アスクル - innovaTopia - (イノベトピア)

2025年10月19日、オフィス用品通販大手のアスクル株式会社は、ランサムウェア感染による大規模なシステム障害が発生したと発表しました。

この影響で、法人向け通販サービス「ASKUL」や個人向けEコマースサイト「LOHACO」を含む複数の主要サービスが受注・出荷を停止する事態に陥っています。

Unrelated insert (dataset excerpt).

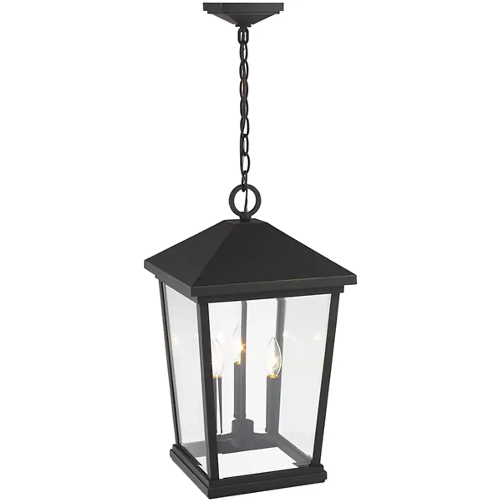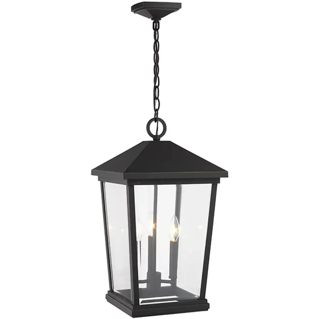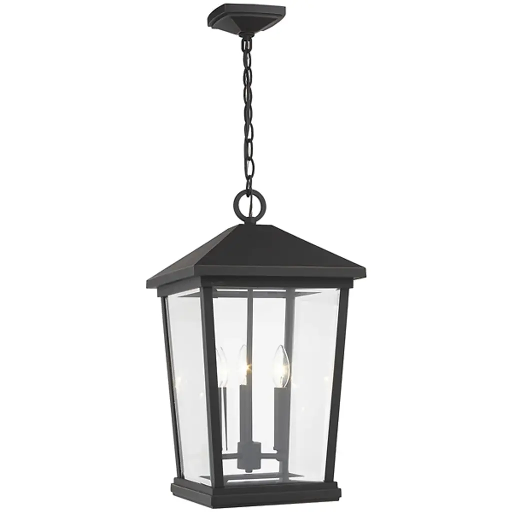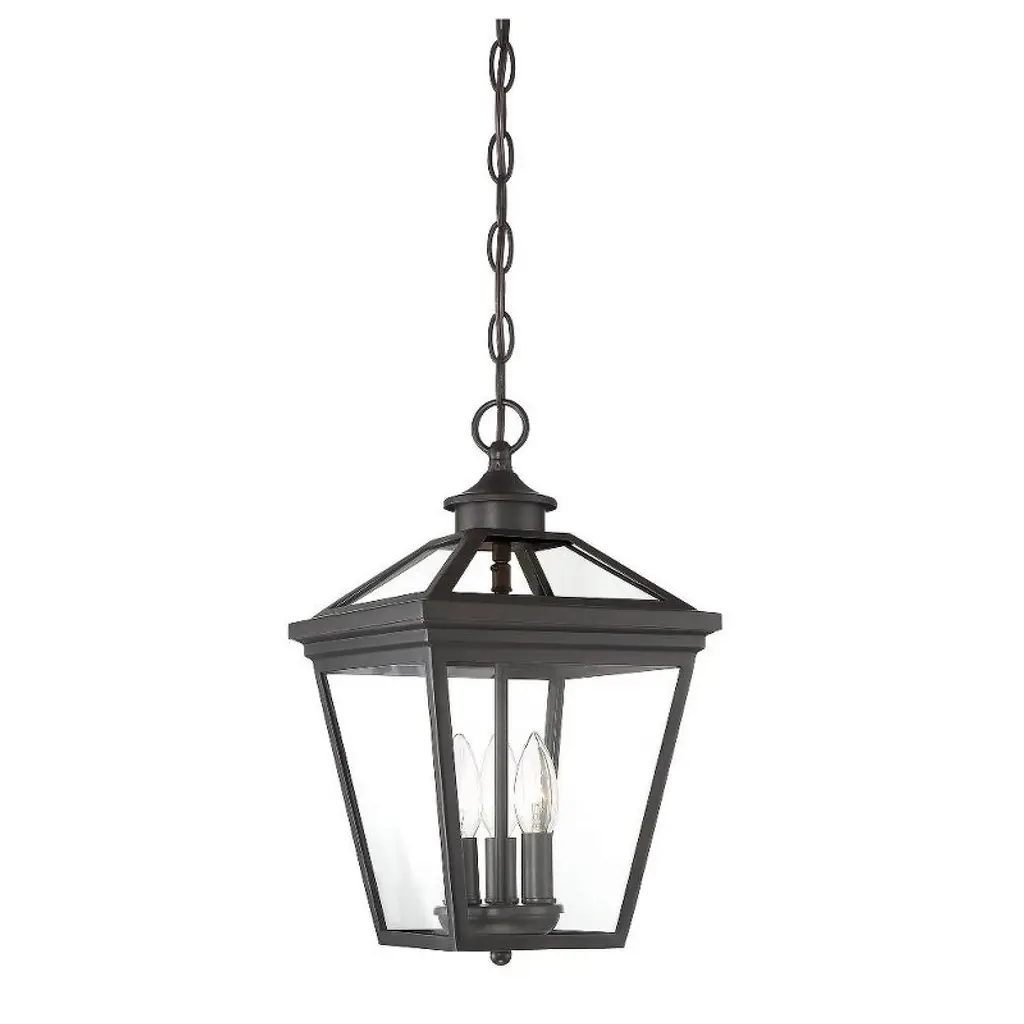The Laughton Outdoor Pendant from Alder & Ore transforms your outdoor spaces with a quaint, village-inspired design. Crafted with a tapered rectangular aluminum frame, it evokes a nautical-like housing silhouette. The candelabra-style bulb mounts and chain match this design, while clear beveled glass panels provide a see-through view. Elevate the ambiance of your decks, patios, gazebos, and porches with this ornate light, adding a soft, romantic style to your outdoor haven.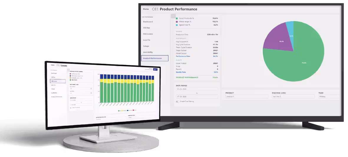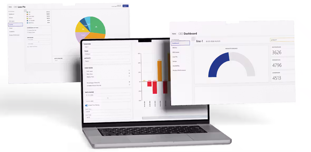 Met duidelijke OEE dashboards, slimme analyses en inzicht in productieprestaties wordt direct zichtbaar waar capaciteit verloren gaat en waar optimalisatie mogelijk is.

現在も復旧の目処は立っておらず、多くの利用者に影響が広がっています。本記事では、このインシデントの概要と、背景にある国内外のサイバー攻撃の動向、そして私たちが今すぐ取り組むべき対策について、未来技術の観点から深く掘り下げていきます。​

From: 文献リンク【重要なお知らせ】ランサムウェア感染によるシステム障害発生のお知らせとお詫び

【編集部解説】

アスクルに何が起きたのか?

アスクルが2025年10月19日に発表した内容によると、同社のシステムが「ランサムウェア」に感染したことにより、基幹システムの一部が暗号化される被害を受けました。これにより、以下の主要サービスで受注・出荷業務が停止しています。​

  • 法人向け通販サービス「ASKUL」
  • 同じく法人向け「ソロエルアリーナ」
  • 個人向けEコマースサイト「LOHACO(ロハコ)」

すでに受け付けた注文についてもキャンセル処理となるなど、影響は広範囲に及んでいます。現在、同社は復旧作業を急いでいますが、完全復旧の目処は立っていません。また、最も懸念される個人情報や顧客データの外部流出の可能性については、現在調査中としており、判明次第知らせるとしています。​

背景にある国内のランサムウェア脅威の高まり

今回の攻撃は、決して他人事ではありません。近年、日本国内ではランサムウェアによる被害が企業や組織の規模を問わず深刻化しています。警察庁の発表によると、2025年上半期だけでランサムウェア被害の報告件数は116件にのぼり、高水準で推移しています。​

また、情報処理推進機構(IPA)が発表した「情報セキュリティ10大脅威 2025」においても、「ランサムウェアによる被害」は組織編で最も重大な脅威の一つとして挙げられており、社会全体での対策が急務とされています。実際、9月末にはアサヒグループホールディングスが同様のランサムウェア攻撃を受け、システム障害が発生したことを公表しており、大手企業を狙った攻撃が続いています。​

海外の動向:サプライチェーンを狙うグローバルな脅威

現時点で、アスクルのインシデントを具体的に報じる海外大手メディアの記事は確認されていません。しかし、グローバルなサプライチェーンに影響を与える日本の大手企業のサイバー攻撃は、国際的にも注目される傾向にあります。例えば、アサヒグループのランサムウェア被害については、英BBCなどが報じています。​

海外でも、社会インフラや基幹産業を狙ったランサムウェア攻撃は頻発しており、金銭目的の攻撃者グループが活動を活発化させています。彼らは、セキュリティ対策が手薄な関連会社などを足がかりに侵入する「サプライチェーン攻撃」と呼ばれる手法を用いることもあり、アスクルのような多数の企業と取引のあるプラットフォームが標的となるリスクは常に存在します。​

現場の声から見える実態:SNSに現れた深刻な影響

ニュースメディアでは伝えきれない生々しい影響が、SNS(X)上では多数報告されています。約50件のポスト(重複除外後)を分析したところ、被害は広範囲にわたり、特に以下の層に深刻な影響が出ていることが明らかになりました。

総務・購買部門の混乱
最も直接的な影響を受けているのは、企業の総務や購買担当者です。「コピー用紙の調達が大変なことになる」という懸念の声や、「土曜日に注文したものが確認できない」といった具体的な業務支障の報告が相次いでいます。アスクルは多くの企業で日常的なオフィス用品の調達に利用されているため、代替手段の確保が急務となっています。

サプライチェーンへの波及:無印良品も出荷停止
特に注目すべきは、アスクルの物流システムを利用している無印良品の通販サービスにも出荷停止の影響が波及している点です。無印良品公式アカウント(@muji_net)は10月19日、以下のように発表しました。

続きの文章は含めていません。